Qual o propósito estético da sua arquitetura, marcada pela curvas e cores?

A arquitetura tem que encher os olhos da cidade. Tem que conseguir de alguma forma magnetizar a cidade. E tem que mostrar o tempo. Vamos voltar ao projeto da CNTU. Há cem anos, foi importante o movimento, então vamos tentar fazer um novo para os próximos cem. Essa questão dos movimentos refletirem a contemporaneidade é muito importante. E o Brasil é um país que sempre utilizou cores. Você vai ao interior da Paraíba, as casas são coloridas. E não é corzinha europeia, é a cor forte, a cor que eu chamo de compromisso. Desde recém-formado, comecei a usar cor, mas era um pecado. Até dez anos, acho que fui o único arquiteto que usava cor. E a curva exige um pouco mais de sensibilidade de quem constrói. Os materiais que nós temos são todos retos.  


Qual a sua obra preferida?

Eu gosto de todas; a predileta é sempre a próxima que ainda não sei qual é.

 

Rita Casaro - Comunicação CNTU

 


Pegada brasileira na Basileia

No dia 16 de junho, o arquiteto Ruy Ohtake participou como convidado especial de um fórum sobre criatividade e tecnologia durante a Art Basel, feira de arte moderna e contemporânea realizada na Basileia, na Suíça, que recebeu 86 mil visitantes neste ano. Descartando o debate meramente teórico da tecnologia da arquitetura, o brasileiro, durante sua intervenção, deu exemplos de como alcançar resultados sociais e estéticos, apresentando algumas de suas obras.

Uma delas foi o pavilhão projetado em 2004 na comunidade de Ubatumirim, em Ubatuba, litoral de São Paulo, a pedido da atriz Ruth Escobar, que planejava atividades culturais para complementar a formação das crianças em idade escolar, com dança, teatro, desenho etc.  “Não havia eletricidade, portanto, não havia televisão. A garotada lá tinha zero de informação”, conta ele.

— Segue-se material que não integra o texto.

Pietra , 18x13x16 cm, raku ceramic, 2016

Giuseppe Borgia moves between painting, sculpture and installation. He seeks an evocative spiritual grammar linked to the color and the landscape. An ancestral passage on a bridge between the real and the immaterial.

O plano então foi desenvolver um espaço multifuncional que fosse contemporâneo e fizesse sentido para os jovens que o utilizariam. O resultado foi o projeto, cujo desenho lembra um peixe. O pavilhão, de 825 metros, tem cobertura de tijolo em abóbada, com paredes de bambu trançado. “É uma técnica que os pescadores, os pais dos garotos, dominam. O foco é: o desenho, em vez de algo abstrato, tem que estar no repertório do garoto, e permitir usar a mão de obra local”, explica Ohtake. A janela, que representa o olho do peixe, é um ponto de fibra ótica.

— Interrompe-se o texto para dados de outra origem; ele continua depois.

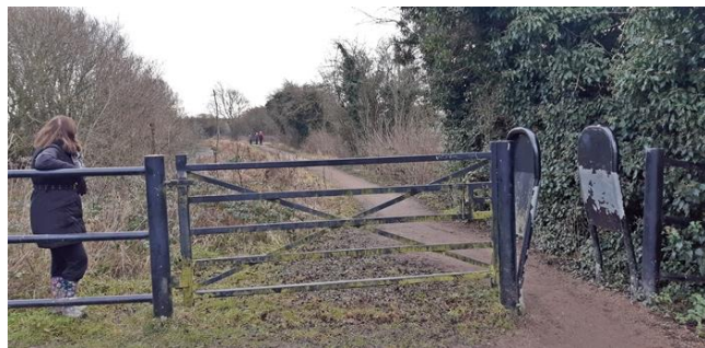
Figure 8 Turn right halfway up the hill alongside the canal

Follow the lane up the hill towards Cossall; when you reach the canal turn right (fig.8) and follow the tow path back to the car park.

Outro dos exemplos apresentados ao público da Basileia foi o Hotel Unique, considerado pela revista Condè Nast Traveler, em artigo do crítico internacional de arquitetura, Paul Goldberger, como uma das sete maravilhas do mundo moderno. O prédio de sete andares tem a fachada de placas de cobre, pré-oxidadas em três tons de verde. Um primeiro desafio da obra era ter curvas perfeitas nos dois vazios que descem da altura de 25 metros. Outro era manter a elegância do desenho fazendo com que o encontro das placas de cobre, com a madeira de ipê de reflorestamento e o concreto, também utilizados na obra, se desse num pequeno ponto. Assim, a fachada lateral do prédio, que pelo cálculo estrutural inicial precisaria ter 60cm de espessura, foi reduzida nas extremidades para 3cm, graças aos esforços do engenheiro Mário Franco.  “Então, quando você olha, encontram-se num ponto, que significa um olhar para o infinito”, afirma.

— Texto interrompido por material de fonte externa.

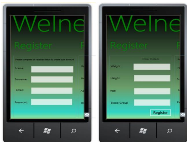
Figure 5. Interfaces of registration part

At the mobile application design part, we used visual studio as an application development editor with windows phone application design 7.1 SDK and we utilized from Dev Express for designing the interface.
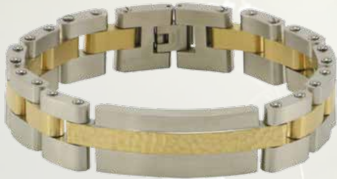
Pewter 14K J5200

Length: 9.0" Width: .68" Depth: .18" Capacity: Nominal

A terceira obra apresentada da Art Basel foi o Aquário do Pantanal, que tem previsão de estar pronto no final deste ano. Com quase 100 metros, tem dois terços de cobertura de zinco, com vidro ao centro e estruturas metálicas vermelhas. “Não adianta só ter a tecnologia, é preciso saber usar com criatividade”, conclui.